ReFAct: Empowering Multimodal Web Agents with Visual and Context Focusing
Abstract
Multimodal Web Agents demonstrate a practically valuable capability by fusing information from diverse modalities (e.g., text and vision), retrieved iteratively from the internet, to respond to complex user queries.However, the visual modality is prone to information overload, and the noise contained within it—such as irrelevant background details or complex structures—can disrupt the model's attention, misdirecting its operational focus toward an erroneous path.To address the aforementioned challenge, we propose ReFAct (Reasoning, Focusing, and Acting), a novel framework that empowers the agent to actively manage its cross-modal context.
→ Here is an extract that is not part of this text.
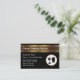 Classy residential or commercial cleaning service business card design template with a black and gold colored cleaning emblem that has a trash can, floor cleaning machine, and cleaning gloves along with a simple layout designed to be customized online. An upscale look on a budget printed on high quality paper stock that is taller than standard says aka euro size business cards.
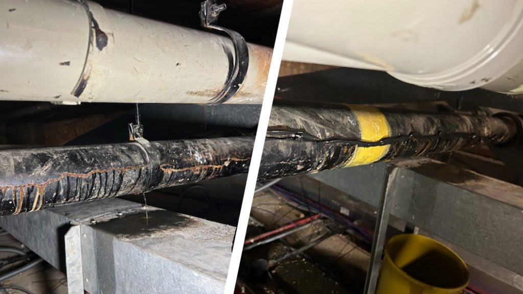 Sylmasta recommended the use of SylWrap HD Pipe Repair Bandage. SylWrap HD is a composite wrap with a water-activated resin which sets rock hard in minutes to form an impact resistant, protective sleeve around pipework.

This allows the agent to adjust its operational focus, thereby mitigating the impact of noise on multimodal Web Agents.Specifically, ReFAct employs a Grounding tool for active visual perception to dynamically filter information. We also design external memory-based Defocus/Refocus operations for selective information retention, further modulating information density within the multimodal context. Ultimately, this ensures the agent maintains focus during problem-solving.To evaluate and enhance agent capabilities in complex and noisy multimodal contexts, we first propose a pipeline for constructing datasets with flexible complexity. We introduce a new open-source benchmark: GroundedVQA. Finally, we experimentally demonstrate the effectiveness of our proposed method on GroundedVQA and other widely-used benchmarks.